Называл фамилию и строго смотрел в зал.
— Есть отводы?
Тщетны были попытки малоархангельцев и ельчан изменить состав губкомола.
— Шифрин?
Тут уж Слава не выдержал.
— У меня есть… Он приезжал к нам в уезд накануне Десятого съезда партии. Выступал против платформ Ленина…
Вместе с Сосняковым выводил он Шифрина в Корсунском из школы.
— Но ведь он подчинился решениям съезда? — спросил Попов Ознобишина и тут же обратился к самому Шифрину: — Вы на какой позиции сейчас, товарищ Шифрин?
— На партийной, — торопливо отозвался Шифрин. — Ознобишин передергивает!
— Вот видите? — укоризненно сказал Попов и представил слово Кобяшеву.
— Шифрин порвал с отцом! Понимаете, товарищи? Порвал с родным отцом, которого захлестнула мелкобуржуазная стихия! Нашел в себе силы уйти из семьи…
Затем стал рассказывать о том, как Шифрин, выехав с отрядом для усмирения кулацкого восстания, был послан с особым заданием на станцию Змиевка, встретил по пути обоз с оружием, убедил крестьян разоружить белогвардейцев и доставил оружие в расположение Красной Армии.
Слава слушал и не верил своим ушам, а Шифрин скромно сидел за партой.
— Один, безоружный, не побоялся белогвардейского конвоя, — продолжал Кобяшев. — Что еще добавишь?! А что касается дискуссии о профсоюзах, он действовал в рамках партийного Устава, и те, кого он поддерживал, остались в рядах партии…
— Дискуссия закончена, — сказал Попов. — Шифрин неплохо редактирует газету, и губком партии рекомендует оставить его в списке.
Слава опять поднял руку.
— Что еще?
— Шифрин не пользуется нашим доверием, — упрямо повторил Слава. — А что он порвал с семьей, нисколько его не украшает. Как же это он бросил на произвол судьбы своих сестер и братьев?
— 'Нашим доверием'! — передразнил Попов, обрывая Ознобишина. — Мы знаем Шифрина…
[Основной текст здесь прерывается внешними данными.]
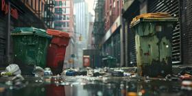 Trash cans polluting a street in the city background - Ai Generated
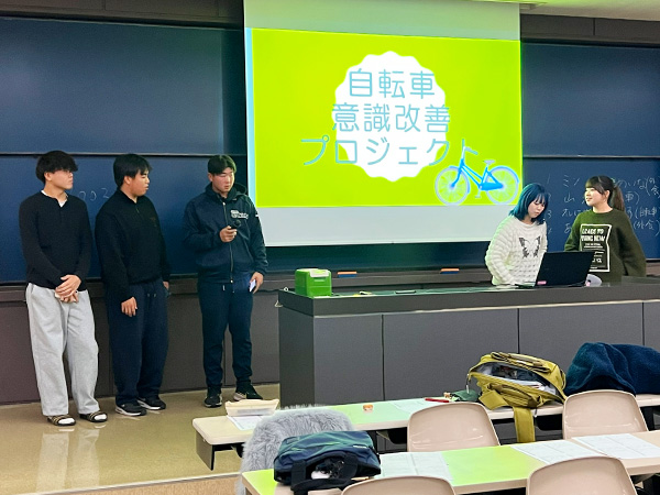 自転車は多くの学生に身近であり、来春から環境が大きく変わることを「今、そこにある危機」として捉えられた点が大きい。アンケート、動画、ウォッチング等で学内を「生きた教材」として活用し、リアルで多面的な発表につながった。

Да, Попов далеко не Шабунин и даже не Кузнецов, те тоже умеют приказать и настоять, но предпочитают убедить и доказать, а этот не очень-то заботится о том, что могут о нем подумать те, кому думать, по его мнению, не положено.
— Кто за то, чтобы оставить Шифрина? — спросил Шульман. — Кто против?
Слава не ожидал, что после выступления Попова против Шифрина проголосует чуть ли не половина присутствующих.
— Что за недисциплинированность! — Попов досадливо поморщился. — Вы — коммунисты, и губком предлагает вам голосовать за… За! За! — несколько раз повторил он. — В порядке партийной дисциплины!
— Так как, товарищи, переголосуем? — спросил Шульман, скромно потупив глаза. — Кто за Шифрина, поднимите руки еще раз!
И Слава нехотя поднял руку и проголосовал и за Шифрина, и за Шульмана.
34
— К вам тут заходили двое, — сообщила Эмма Артуровна, вопросительно взглядывая на Славу. — Обедать будете?
Он пораньше вернулся домой, чтобы выспаться, наутро ехать в Жерновец — малознакомое село, где комсомольцы арестовали попа, заперли в церкви и никого к нему не пускают.
— Что за люди?
— Пожилые. Должно быть, по делу, серьезные очень. Сказали, зайдут еще.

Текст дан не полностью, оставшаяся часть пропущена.